Mr. Speaker, that would underpin my entire approach to saying that the Canadian government must list the Iranian Revolutionary Guard Corps as a terrorist entity. As all studies have shown in this regard, as I mentioned in my remarks, the IRGC has emerged as the epicentre of the fourfold Iranian threat that I described and is particularly engaged both in the matter of nuclear proliferation and international terrorism. Should it be characterized as a military organization rather than as the terrorist entity it is, then it could somehow find a loophole to be protected against the application of this legislation.
In that regard, we must therefore move with all deliberate speed, which I have been suggesting for years, to list the IRGC as a terrorist entity under Canadian law. In fact, when the Canadian government closed the embassy in Iran, I listed four initiatives that could have been taken, apart from closing the embassy, which would have had compelling impact: number one, listing the IRGC as a terrorist entity; number two, holding Iran accountable for its state-sanctioned incitement to genocide; number three, holding to sanction those engaged in massive human rights violations; and number four, engaging, as I said, in a much more active way in combatting the nuclear proliferation program in Iran.
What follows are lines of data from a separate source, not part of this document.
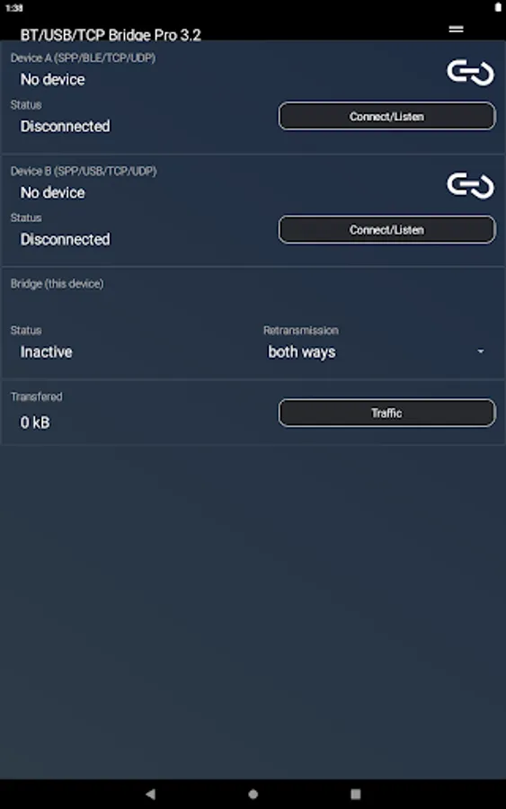 App has in build terminal, you can view traffic in a log and send data to connected devices directly from the app interface.
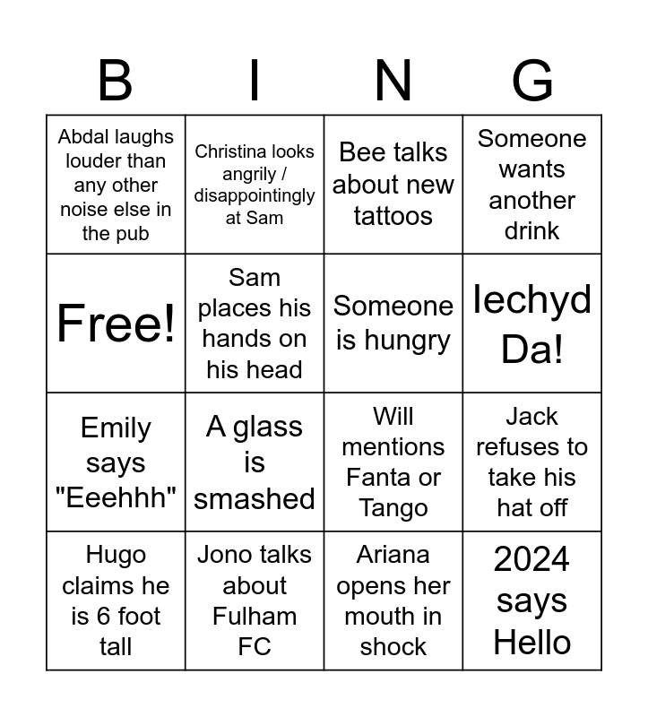 This bingo card has 16 words: Jono talks about Fulham FC, Jack refuses to take his hat off, Bee talks about new tattoos, Abdal laughs louder than any other noise else in the pub, Emily says "Eeehhh", Christina looks angrily / disappointingly at Sam, Will mentions Fanta or Tango, Ariana opens her mouth in shock, Free!, Sam places his hands on his head, Hugo claims he is 6 foot tall, Someone wants another drink, A glass is smashed, Iechyd Da!, Someone is hungry and 2024 says Hello.
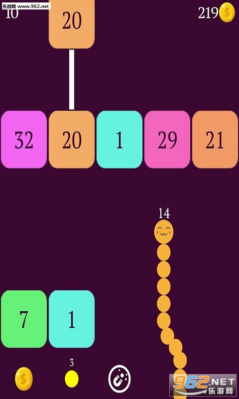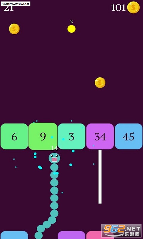 滑动手指来引导蛇,打破砖块。
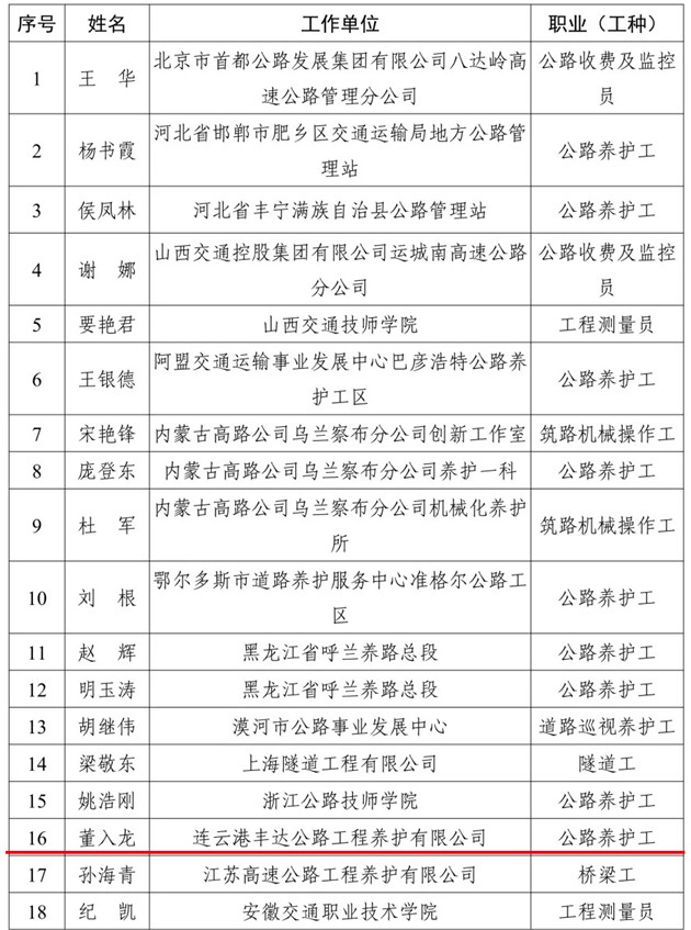 近日,交通运输部公布2021年度全国交通技术能手评审结果,连云港市交通控股世界杯app最新版下载,世界杯(中国)丰达养护公司公路养护工董入龙同志荣誉“全国交通技术能手”称号。据悉,全国仅有245名同志获此荣誉。
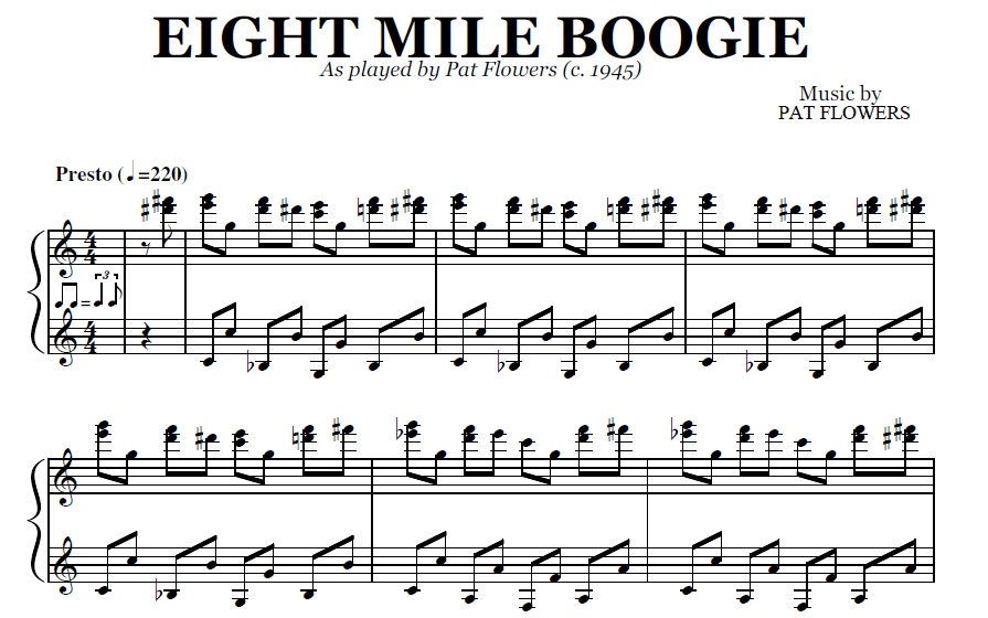 Acheter la partition en format PDF de Eight Mile Boogie (Pat Flowers), transcrite à partir de l'enregistrement original. Vous pourrez télécharger le PDF de la partition juste après le paiement.
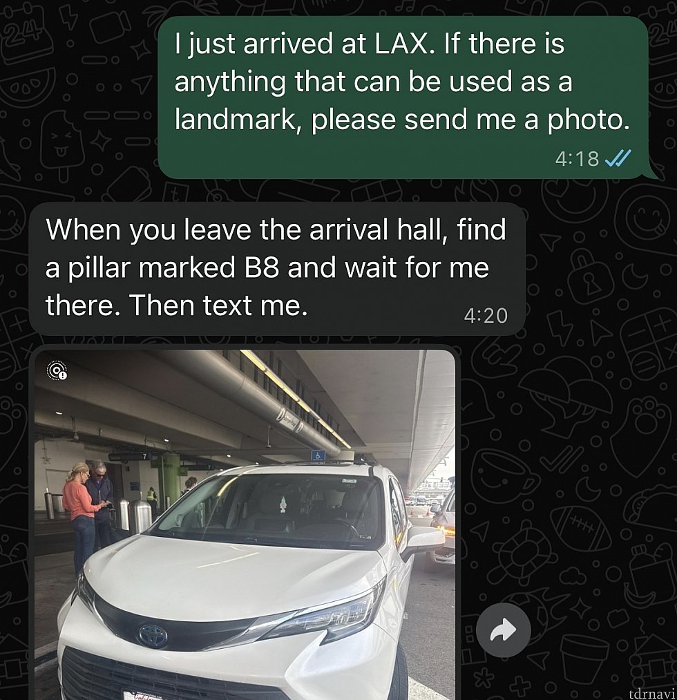 LAXに到着後、eSIMを接続するとすぐにWhatsAppにメッセージが届きました。
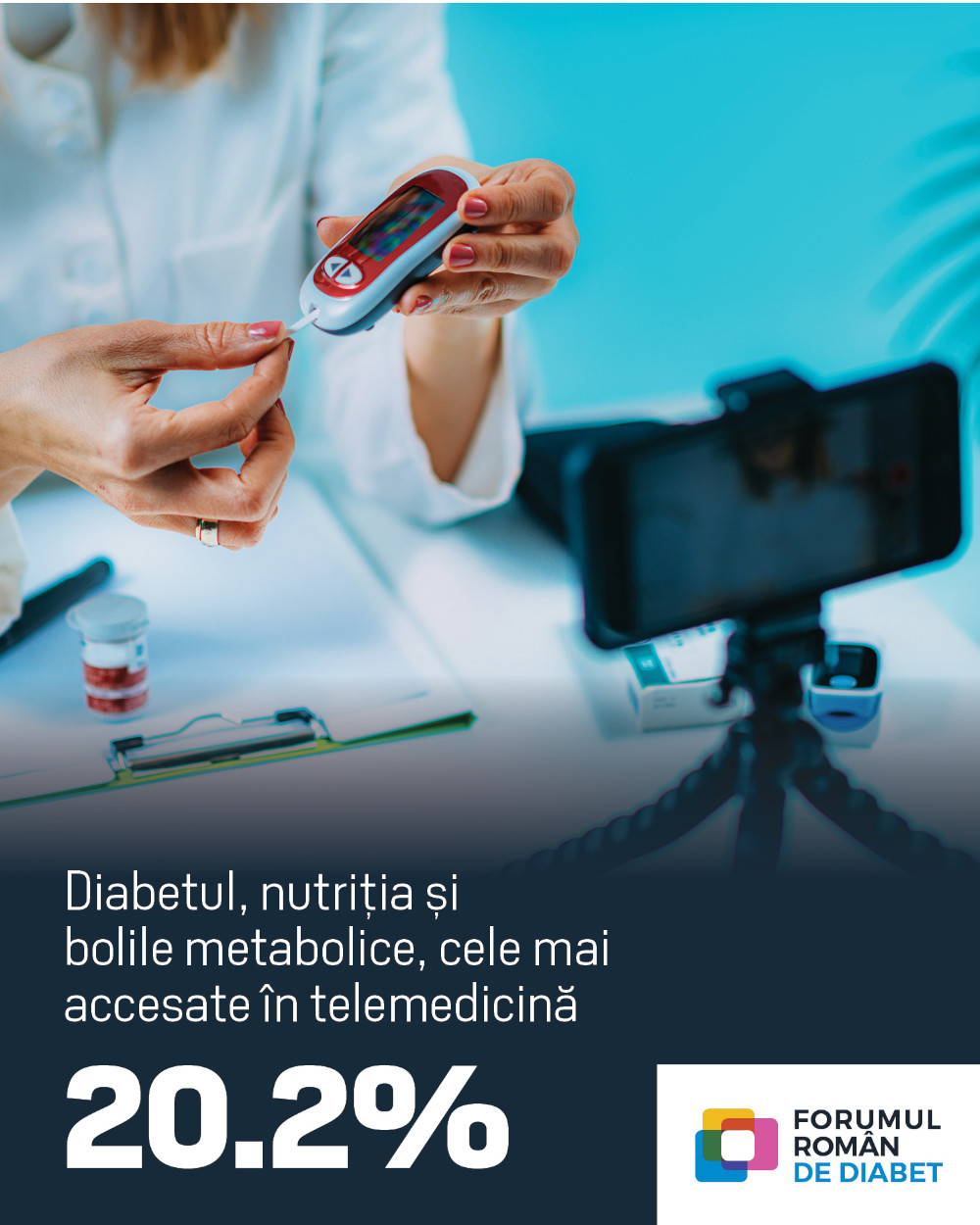 Un studiu al Consiliului Concurenței publicat recent arată că în perioada 2020 - 2022 cele mai multe teleconsultații au fost întâlnite în specialitățile diabet zaharat, nutriție și boli metabolice, unde circa 1 din 5 consultații a fost realizată la distanță. Astfel, consultațiile efectuate în regim de telemedicină pentru pacienții cu diabet zaharat au reprezentat 20,2% din totalul consultațiilor anuale.
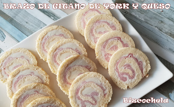 Pues seguimos con ideas para las próximas fechas, y hoy os traigo este BRAZO DE GITANO DE YORK Y QUESO, un aperitivo delicioso que os aseguro que es triunfo asegurado.
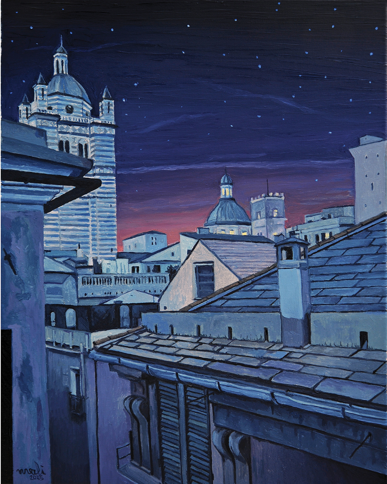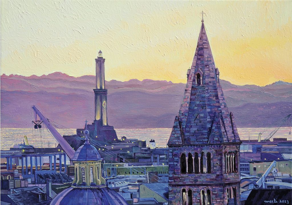 Mostra d'Arte collettiva tra cui Enrico Merli: La straordinaria sensibilità per la luce e per il colore è il carattere distintivo della pittura di ENRICO MERLI . I suoi paesaggi, grazie alla sapiente calibratura degli effetti cromatici e luminosi, si trasformano in luoghi del cuore, in emozioni interiori rivissute con struggente nostalgia. Per Merli, la luce non è un fenomeno fisico, ma viene utilizzata come strumento per esprimere emozioni e sensazioni, rendendo la sua pittura un viaggio nell'esperienza lirica e percettiva. Genova testimonia l'affinità elettiva di Merli verso la sua città, osservata nell'ora commovente del tramonto dove le forme diventano ovattate presenze, trasfigurate nel cuore di un'anima innamorata. La magia del colore domina a Genova (da Palazzo Giustiniani) in cui il ritmo verticale delle torri, delle cupole, dei camini conduce l'occhio verso il cielo stellato che diffonde il suo manto blu sulla città, in una poetica armonia cromatica.
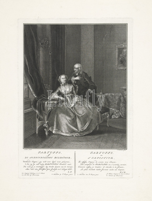 Tartuffe, hypocrite deceiver, Interieur, lady, Elmire, gentleman, background, second man, Orgon, under, table, Scene, play Tartuffe van Molière, 1664, dressed, frock, deep cleavage sits, chair, right arm leaning, thick book, character Tartuffe, tries, seduce, background you, see, husband Orgon watches, two under, list, Elmire convinces, husband, blind faith, religious fanatic, abused, comedy, clothes, men's clothes, dress, gown, robe volante, eavesdropper, Intention, Purpose, Aim, Jacob Houbraken, mentioned, object, Amsterdam, 1760, 1780, paper, engraving
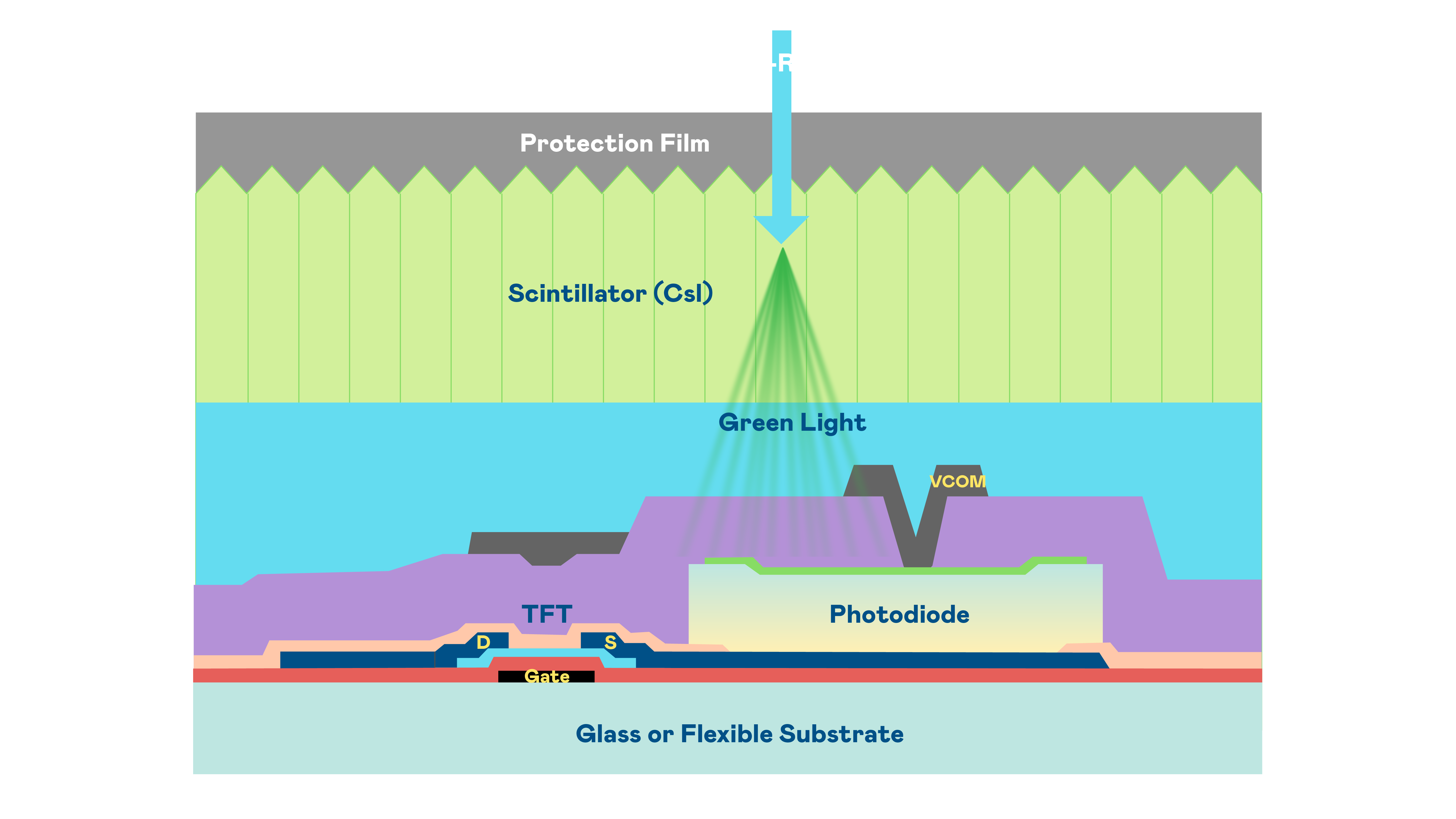 G22恒峰的X光影像感测阵列使用薄膜电晶体 (TFT) 作为每个像素的读取开关,搭配光电二极体(Photodiode)的光电转换元件,用以感测X光影像讯号。
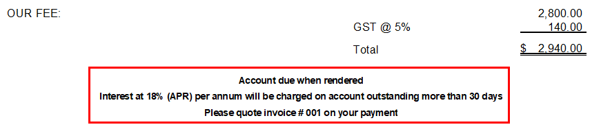 The invoice can display detailed amounts for each service, or just the details and a total fee. Click on the $ details set to print to skip or show the details. |
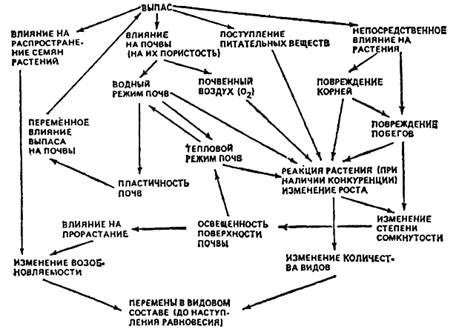 Рис. 1. Схема действия факторов выпаса (по А. Элленбергеру, 1963).
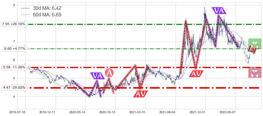 ♘ 阻力价格位6.60,可信任强度44.43%,距离最后交易2022-08-12形成的收盘价格6.30相差 +4.77%
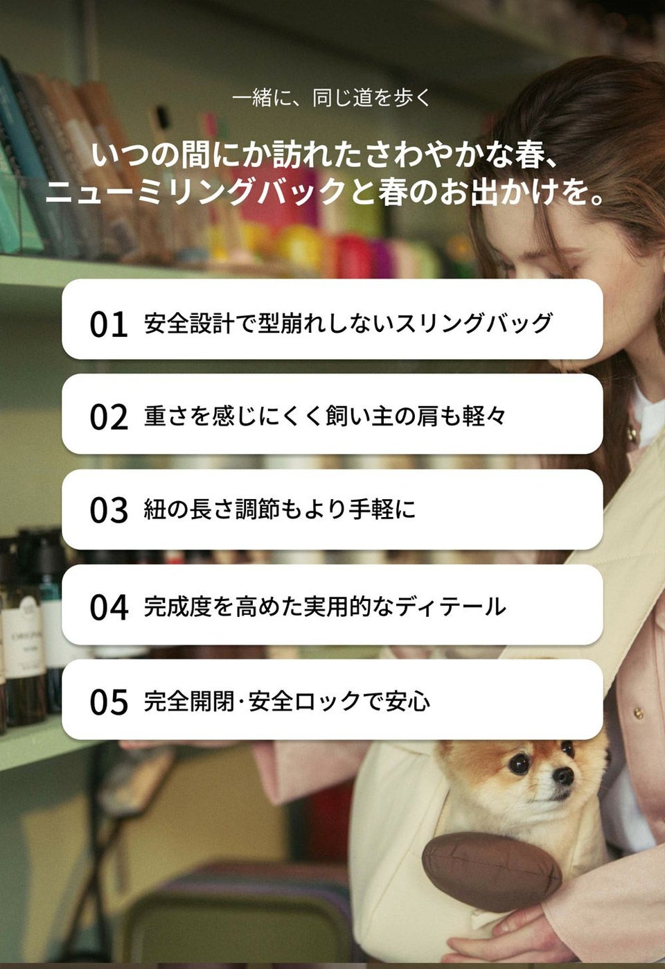 飛び出し防止の安全リードや、ロックスライダージッパー仕様でペットとのお出かけを安全にもっと楽しく。

Those are the activities we still must undertake, and they are more important than the issues of simply closing the embassy in Iran because they would have substantive effect in terms of our combatting overall the fourfold threat that Iran represents, in particular its nuclear proliferation threat that is underpinned by its genocidal incitement threat, as well as its international terrorist conduct, in which not only the Iranian Revolutionary Guard Corps but its terrorist proxy Hezbollah also has been engaged. While we have put Hezbollah on the terrorist list, we might encourage our European counterparts to do the same.